| name | auto-rollback-triggers |
| description | Error rate monitoring, SLO detection, and notification webhooks for automated rollback triggers. Use when setting up automated deployment rollback, monitoring error rates, configuring SLO thresholds, implementing deployment safety nets, setting up alerting webhooks, or when user mentions automated rollback, error rate monitoring, SLO violations, deployment safety, or rollback automation. |
| allowed-tools | Bash, Read, Write, Edit |
Auto-Rollback Triggers
Automated rollback trigger patterns with error rate monitoring, SLO detection, and notification webhooks for deployment safety.
Overview
This skill provides functional monitoring scripts, CI/CD workflow templates, and webhook integration examples for automated deployment rollback triggers.

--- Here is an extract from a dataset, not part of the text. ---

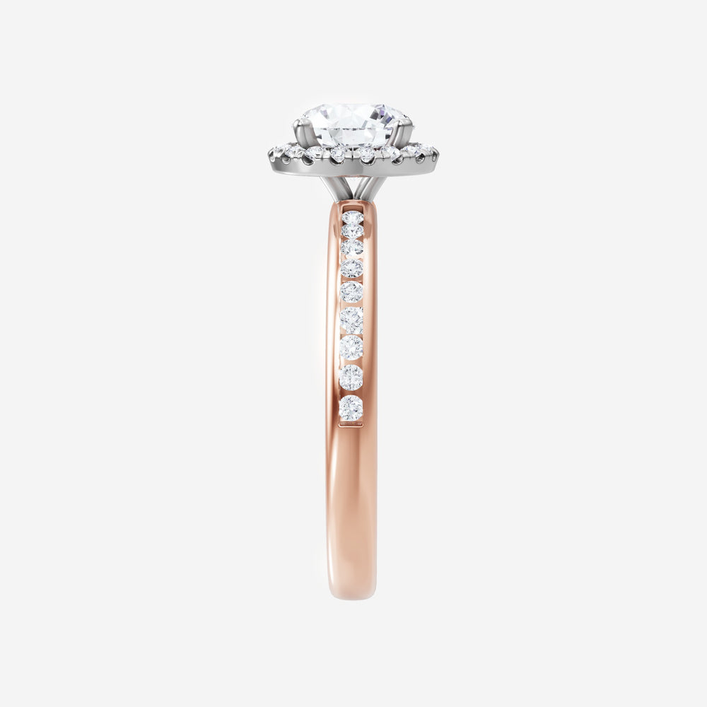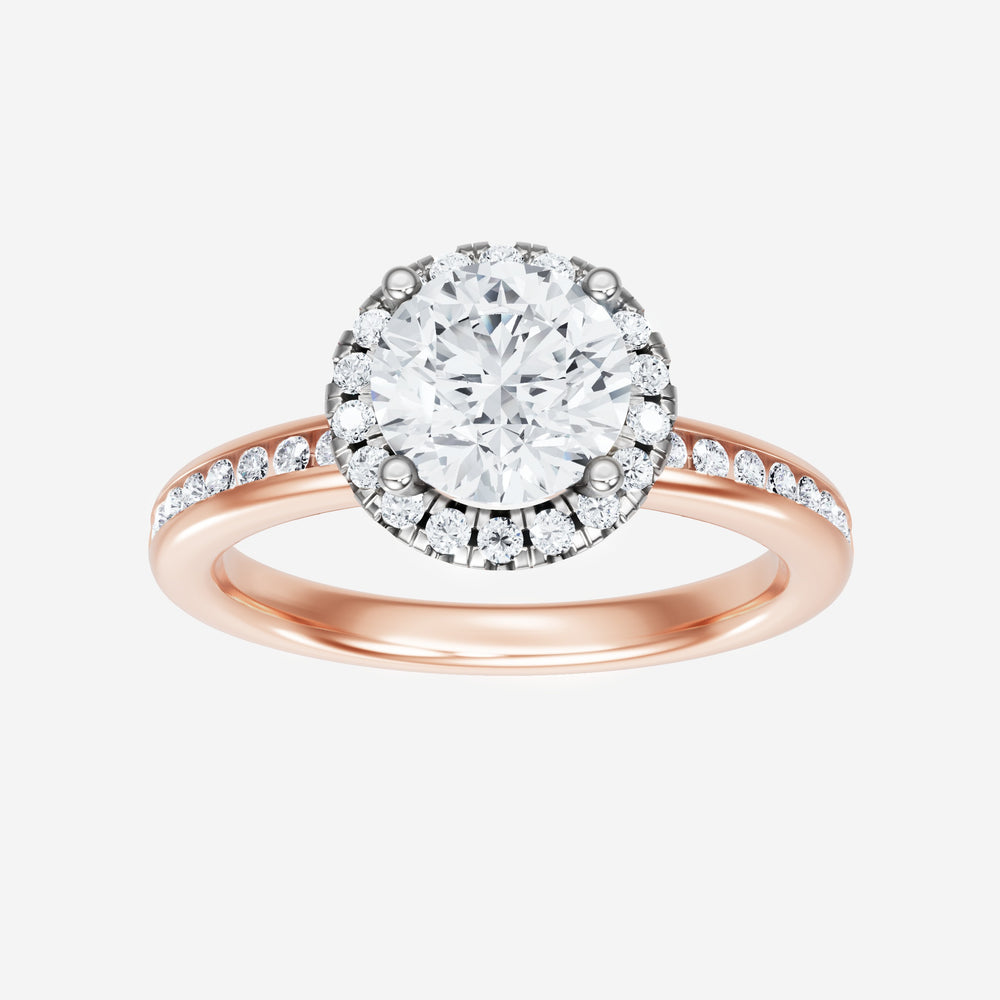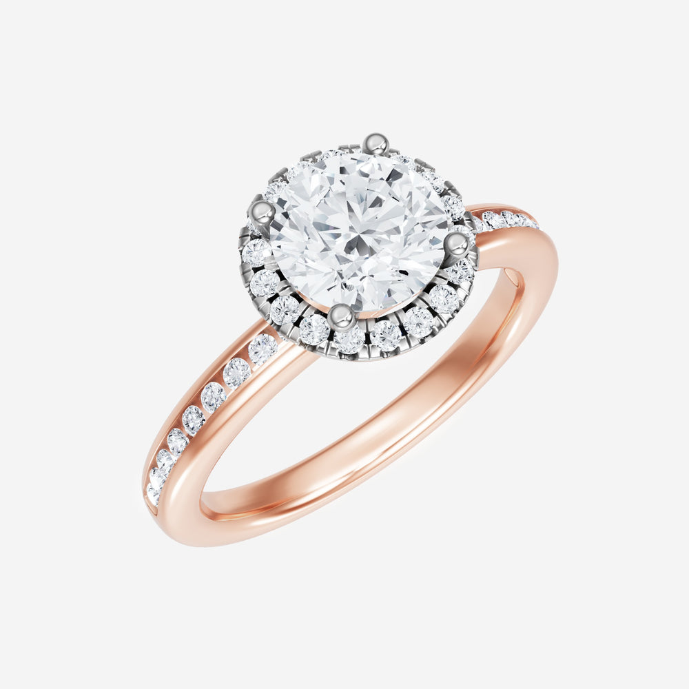 You’ve designed a ring that reflects lasting elegance and grace! Crafted from 18k Rose White Dual Tone, this exquisite Round lab-grown diamond is the centerpiece of this unique design. This Channel Set Shank with a Micro Halo head showcases the brilliance of the Round diamond, creating a timeless look. Ideal for those who seek both beauty and meaning, this ring will stand as a testament to cherished memories.

All scripts include proper error handling, threshold configuration, and notification patterns for production safety nets.
Scripts
All scripts are located in scripts/ and are fully functional (not placeholders).
Core Monitoring Scripts
- monitor-error-rate.sh - Real-time error rate monitoring with configurable thresholds and time windows
- check-slo.sh - SLO (Service Level Objective) validation with success rate calculations
- trigger-rollback.sh - Automated rollback orchestration with platform-specific implementations
- collect-metrics.sh - Metrics collection from various sources (logs, APM, monitoring services)
- notify-webhook.sh - Webhook notification delivery with retry logic and templating
Usage Examples
# Monitor error rate (5% threshold over 5 minutes)
bash scripts/monitor-error-rate.sh https://api.example.com/metrics 5.0 300
# Check SLO compliance (99.9% uptime target)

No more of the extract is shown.